### What to work on
If a line below falls between the line with "Experience the pinnacle" and the line with "From 2022-01-13 20:00", or is one of those two, output it exactly; output nothing else and no pictures.

### Task material
# # # # #

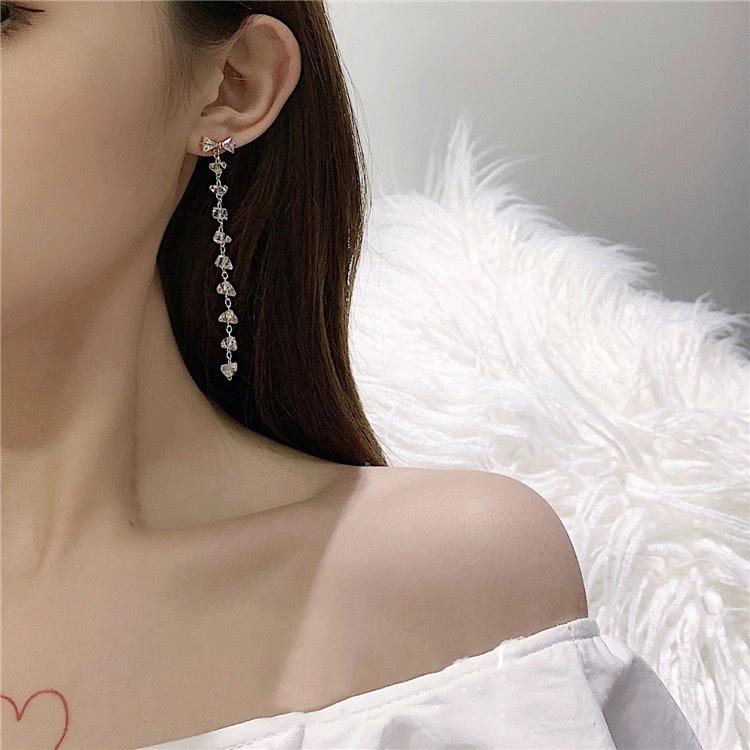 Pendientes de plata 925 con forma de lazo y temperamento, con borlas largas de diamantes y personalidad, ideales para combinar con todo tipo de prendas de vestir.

# # # # #

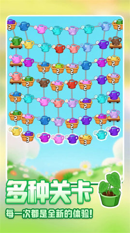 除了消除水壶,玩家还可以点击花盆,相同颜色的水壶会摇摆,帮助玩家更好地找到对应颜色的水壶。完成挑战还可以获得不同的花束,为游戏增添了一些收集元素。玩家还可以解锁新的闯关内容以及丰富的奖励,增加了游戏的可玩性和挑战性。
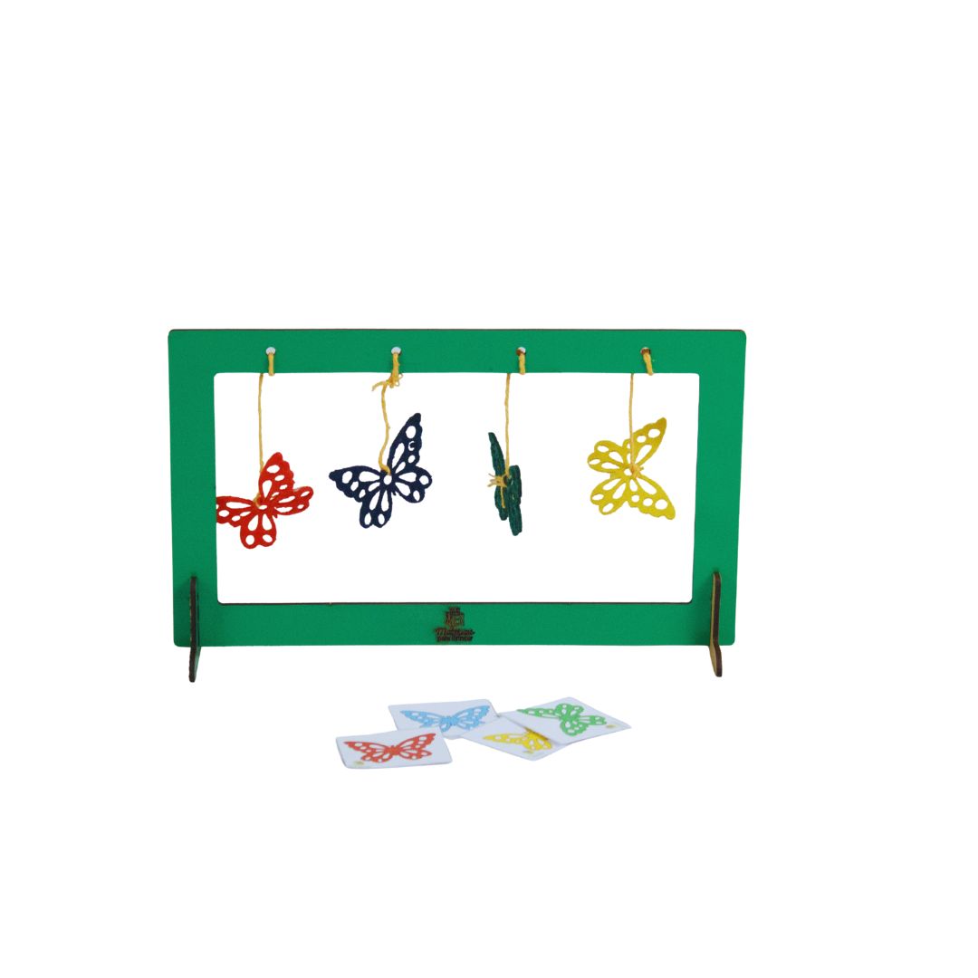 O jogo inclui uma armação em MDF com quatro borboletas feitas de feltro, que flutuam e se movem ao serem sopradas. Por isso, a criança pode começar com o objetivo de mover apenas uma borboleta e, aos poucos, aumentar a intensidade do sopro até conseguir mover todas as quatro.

# # # # #

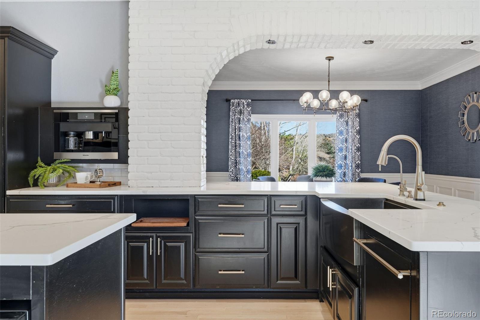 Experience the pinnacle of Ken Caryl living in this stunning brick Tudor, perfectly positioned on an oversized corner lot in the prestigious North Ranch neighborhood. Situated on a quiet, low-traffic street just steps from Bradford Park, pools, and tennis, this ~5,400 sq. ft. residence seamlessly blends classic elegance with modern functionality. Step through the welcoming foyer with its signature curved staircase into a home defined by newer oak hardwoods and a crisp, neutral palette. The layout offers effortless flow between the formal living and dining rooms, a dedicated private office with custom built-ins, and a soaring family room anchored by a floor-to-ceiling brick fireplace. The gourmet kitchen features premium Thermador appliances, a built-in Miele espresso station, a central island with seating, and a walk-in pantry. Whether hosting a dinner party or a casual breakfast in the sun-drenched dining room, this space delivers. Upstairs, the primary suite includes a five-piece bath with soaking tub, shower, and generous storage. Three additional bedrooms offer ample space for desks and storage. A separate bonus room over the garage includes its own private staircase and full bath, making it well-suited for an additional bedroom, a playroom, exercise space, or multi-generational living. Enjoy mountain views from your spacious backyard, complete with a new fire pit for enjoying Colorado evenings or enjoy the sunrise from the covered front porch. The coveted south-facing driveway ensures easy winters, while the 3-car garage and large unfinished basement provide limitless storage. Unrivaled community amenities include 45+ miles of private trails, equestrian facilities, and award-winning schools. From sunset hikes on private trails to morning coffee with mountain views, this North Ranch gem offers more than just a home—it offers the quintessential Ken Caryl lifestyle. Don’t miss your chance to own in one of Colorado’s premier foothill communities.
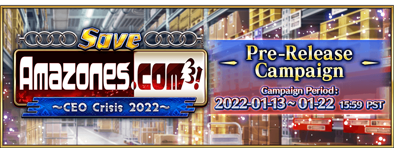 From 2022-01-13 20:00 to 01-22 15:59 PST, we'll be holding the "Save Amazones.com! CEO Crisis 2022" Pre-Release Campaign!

# # # # #

### Response below
 Experience the pinnacle of Ken Caryl living in this stunning brick Tudor, perfectly positioned on an oversized corner lot in the prestigious North Ranch neighborhood. Situated on a quiet, low-traffic street just steps from Bradford Park, pools, and tennis, this ~5,400 sq. ft. residence seamlessly blends classic elegance with modern functionality. Step through the welcoming foyer with its signature curved staircase into a home defined by newer oak hardwoods and a crisp, neutral palette. The layout offers effortless flow between the formal living and dining rooms, a dedicated private office with custom built-ins, and a soaring family room anchored by a floor-to-ceiling brick fireplace. The gourmet kitchen features premium Thermador appliances, a built-in Miele espresso station, a central island with seating, and a walk-in pantry. Whether hosting a dinner party or a casual breakfast in the sun-drenched dining room, this space delivers. Upstairs, the primary suite includes a five-piece bath with soaking tub, shower, and generous storage. Three additional bedrooms offer ample space for desks and storage. A separate bonus room over the garage includes its own private staircase and full bath, making it well-suited for an additional bedroom, a playroom, exercise space, or multi-generational living. Enjoy mountain views from your spacious backyard, complete with a new fire pit for enjoying Colorado evenings or enjoy the sunrise from the covered front porch. The coveted south-facing driveway ensures easy winters, while the 3-car garage and large unfinished basement provide limitless storage. Unrivaled community amenities include 45+ miles of private trails, equestrian facilities, and award-winning schools. From sunset hikes on private trails to morning coffee with mountain views, this North Ranch gem offers more than just a home—it offers the quintessential Ken Caryl lifestyle. Don’t miss your chance to own in one of Colorado’s premier foothill communities.
 From 2022-01-13 20:00 to 01-22 15:59 PST, we'll be holding the "Save Amazones.com! CEO Crisis 2022" Pre-Release Campaign!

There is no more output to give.